## Extracted material
● ● ● ● ● ● ●

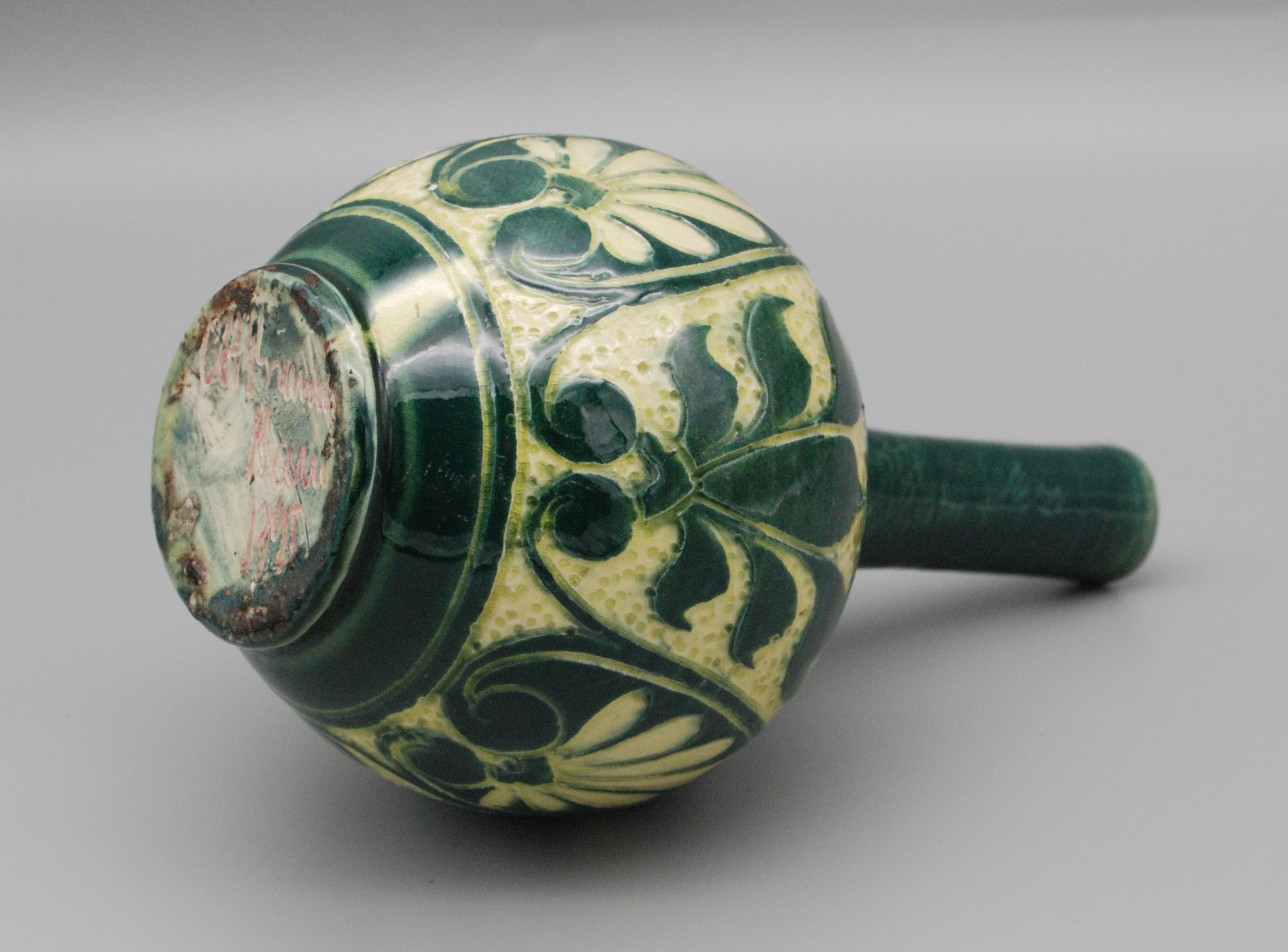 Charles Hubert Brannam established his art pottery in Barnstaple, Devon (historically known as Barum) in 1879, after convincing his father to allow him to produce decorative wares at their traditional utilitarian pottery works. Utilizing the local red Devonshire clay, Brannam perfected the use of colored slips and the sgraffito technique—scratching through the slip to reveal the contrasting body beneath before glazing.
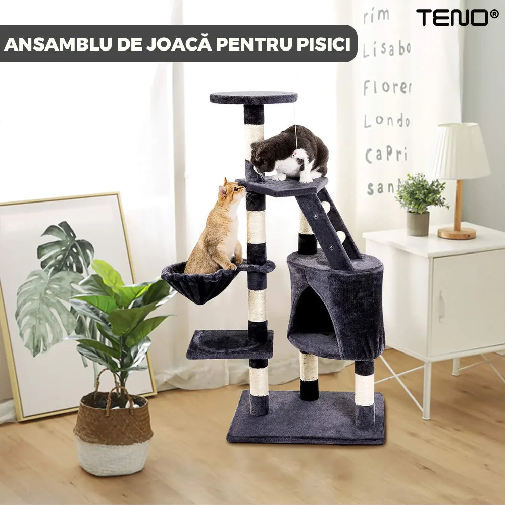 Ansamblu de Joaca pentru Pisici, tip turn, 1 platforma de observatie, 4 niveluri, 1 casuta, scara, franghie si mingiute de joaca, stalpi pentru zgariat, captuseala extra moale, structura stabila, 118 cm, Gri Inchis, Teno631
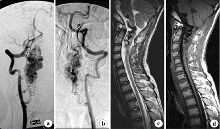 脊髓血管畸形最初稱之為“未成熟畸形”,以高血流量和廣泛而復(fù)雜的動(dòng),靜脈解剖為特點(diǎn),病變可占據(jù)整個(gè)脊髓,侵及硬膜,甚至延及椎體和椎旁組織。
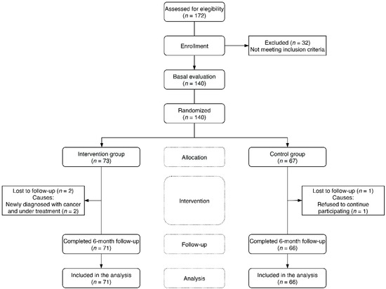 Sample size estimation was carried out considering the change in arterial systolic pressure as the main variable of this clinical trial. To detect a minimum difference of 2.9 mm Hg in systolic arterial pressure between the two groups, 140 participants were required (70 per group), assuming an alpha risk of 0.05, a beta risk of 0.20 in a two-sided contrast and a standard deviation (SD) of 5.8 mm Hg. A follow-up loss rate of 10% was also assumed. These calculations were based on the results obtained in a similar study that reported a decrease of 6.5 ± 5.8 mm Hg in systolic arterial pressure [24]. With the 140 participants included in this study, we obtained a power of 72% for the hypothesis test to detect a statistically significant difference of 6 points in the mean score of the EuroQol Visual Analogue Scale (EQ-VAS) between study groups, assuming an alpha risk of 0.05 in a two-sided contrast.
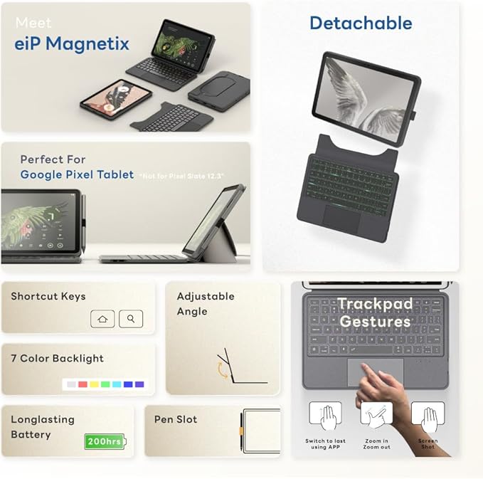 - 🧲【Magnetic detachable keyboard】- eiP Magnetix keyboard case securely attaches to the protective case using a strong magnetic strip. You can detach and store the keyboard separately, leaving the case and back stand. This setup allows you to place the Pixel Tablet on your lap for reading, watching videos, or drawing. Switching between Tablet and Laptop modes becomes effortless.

● ● ● ● ● ● ●

## The task
Write out exactly the lines between the start of the data and the line with "Sample size estimation", including both, but none of the pictures.

## Exercise result
 Charles Hubert Brannam established his art pottery in Barnstaple, Devon (historically known as Barum) in 1879, after convincing his father to allow him to produce decorative wares at their traditional utilitarian pottery works. Utilizing the local red Devonshire clay, Brannam perfected the use of colored slips and the sgraffito technique—scratching through the slip to reveal the contrasting body beneath before glazing.
 Ansamblu de Joaca pentru Pisici, tip turn, 1 platforma de observatie, 4 niveluri, 1 casuta, scara, franghie si mingiute de joaca, stalpi pentru zgariat, captuseala extra moale, structura stabila, 118 cm, Gri Inchis, Teno631
 脊髓血管畸形最初稱之為“未成熟畸形”,以高血流量和廣泛而復(fù)雜的動(dòng),靜脈解剖為特點(diǎn),病變可占據(jù)整個(gè)脊髓,侵及硬膜,甚至延及椎體和椎旁組織。
 Sample size estimation was carried out considering the change in arterial systolic pressure as the main variable of this clinical trial. To detect a minimum difference of 2.9 mm Hg in systolic arterial pressure between the two groups, 140 participants were required (70 per group), assuming an alpha risk of 0.05, a beta risk of 0.20 in a two-sided contrast and a standard deviation (SD) of 5.8 mm Hg. A follow-up loss rate of 10% was also assumed. These calculations were based on the results obtained in a similar study that reported a decrease of 6.5 ± 5.8 mm Hg in systolic arterial pressure [24]. With the 140 participants included in this study, we obtained a power of 72% for the hypothesis test to detect a statistically significant difference of 6 points in the mean score of the EuroQol Visual Analogue Scale (EQ-VAS) between study groups, assuming an alpha risk of 0.05 in a two-sided contrast.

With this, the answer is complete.